Phishing: le email truffaldine attaccano ancora gli utentiI cyber-criminali non hanno alcuna intenzione di dar tregua agli utenti e continuano a diffondere le email phishing che, ormai da tempo, tentano di ottenere dati e denaro. Il phishing continua infatti ad intensificarsi senza sosta costringendo gli utenti a prestare costantemente attenzione durante la navigazione.

I tentativi di frode segnalati nelle ultime settimane non sono pochi ed è sufficiente consultare la pagina ufficiale della Polizia Postale per conoscere gli inganni maggiormente diffusi. Diventa sempre più importante, dunque, saper riconoscere le email truffaldine e imparare ad evitare di cadere in trappola.

Truffe online: le email truffaldine attaccano ancora gli utenti richiedendo i loro dati sensibili!

Il phishing è quel tentativo di frode online che mira ad ottenere i dati sensibili degli utenti per poter ottenere l’accesso ai loro risparmi. Il procedimento utilizzato dai malfattori è decisamente infimo poiché basato sull’inganno psicologico delle vittime. Il tutto ha inizio con una semplice email apparentemente innocua che, caratterizzata da tono allarmante, suscita la curiosità dell’utente. La comunicazione avrà lo scopo di allarmare la vittima tramite informazioni del tutto fittizie utilizzate dai criminali per giustificare la successiva richiesta. L’utente, infatti, è invitato ad utilizzare link o file, forniti direttamente dai cyber-criminali, per inserire i suoi dati sensibili.

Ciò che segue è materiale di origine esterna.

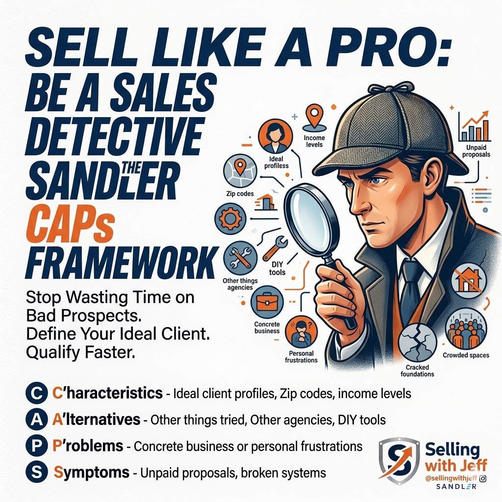 The Sandler CAPs framework helps you predict which prospects will become profitable, enjoyable clients instead of time‑wasters. CAPs stands for Characteristics, Alternatives, Problems, and Symptoms. When you define each clearly, you stop chasing anyone who can fog a mirror and focus on people who are likely to buy, buy again, and refer.
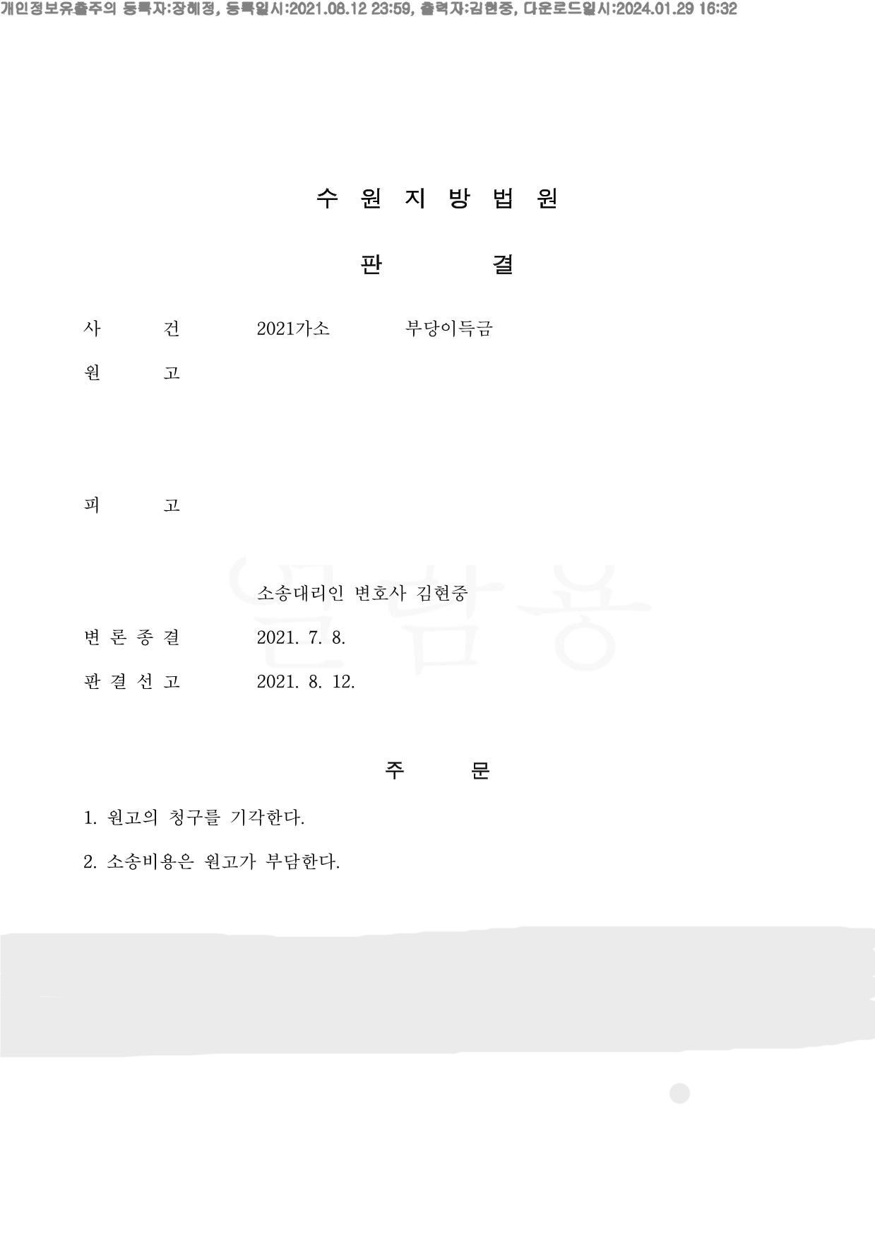 ****판결문을 보시면 아시겠지만 변호인으로서 제 이름만 들어가 있는 것을 확인하실 수 있습니다. 제가 온전히 혼자서 이끌어 낸 사례만을 저의 해결사례로 올리는 것이니 참고 바라며, 고용 변호사가 처리한 사건에서 제 이름만 들어간 사례라던 가 다른 변호사들과 함께 처리한 사건에서 제 이름이 들어갔다는 이유로 자신의 독자적인 해결사례인 것처럼 올리지 않습니다. 또한 착오가 없는 이상, 기존에 올렸던 해결사례를 일정 기간이 지난 후에 새로운 해결사례인 것처럼 재차 업로드 하지 않습니다. ****

Un classico esempio è la mail più volte inviata dai criminali che minacciando la sospensione della carta di credito invitano la vittima ad aggiornare i dati. Non appena le credenziali saranno inserite nelle pagine suggerite i criminali avranno la possibilità di accedere ai risparmi. 

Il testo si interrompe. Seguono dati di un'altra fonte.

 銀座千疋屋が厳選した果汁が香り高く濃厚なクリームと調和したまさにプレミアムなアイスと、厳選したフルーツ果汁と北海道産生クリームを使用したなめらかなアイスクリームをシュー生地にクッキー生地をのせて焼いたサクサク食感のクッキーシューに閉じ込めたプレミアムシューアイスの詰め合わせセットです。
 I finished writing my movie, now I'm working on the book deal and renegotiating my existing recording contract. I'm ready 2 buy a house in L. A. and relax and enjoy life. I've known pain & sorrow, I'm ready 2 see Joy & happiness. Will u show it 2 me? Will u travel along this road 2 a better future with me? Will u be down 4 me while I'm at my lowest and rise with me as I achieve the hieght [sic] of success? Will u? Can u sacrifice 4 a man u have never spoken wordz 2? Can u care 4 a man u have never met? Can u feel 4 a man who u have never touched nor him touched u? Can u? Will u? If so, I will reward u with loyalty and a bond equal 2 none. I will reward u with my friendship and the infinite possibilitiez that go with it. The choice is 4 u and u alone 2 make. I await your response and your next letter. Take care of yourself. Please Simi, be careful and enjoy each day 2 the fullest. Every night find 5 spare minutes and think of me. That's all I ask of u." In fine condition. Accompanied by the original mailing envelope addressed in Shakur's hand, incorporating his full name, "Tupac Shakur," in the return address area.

Ovviamente al fine di mascherare per bene l’inganno e i malfattori sfruttano il nome di aziende e istituti bancari, totalmente estranei all’intento dei cyber-criminali. L’obiettivo, infatti, è quello di spacciare le email per comunicazioni realmente affidabili così da poter ottenere l’attenzione dell’utente.

E’ opportuno ricordare, quindi, che è possibile ricevere email apparentemente provenienti da aziende, banche o grandi marchi e che queste contengano la richiesta di fornire dati e credenziali. Qualora ci si ritrovi davanti a messaggi di questo tipo è necessario procedere con l’immediata eliminazione.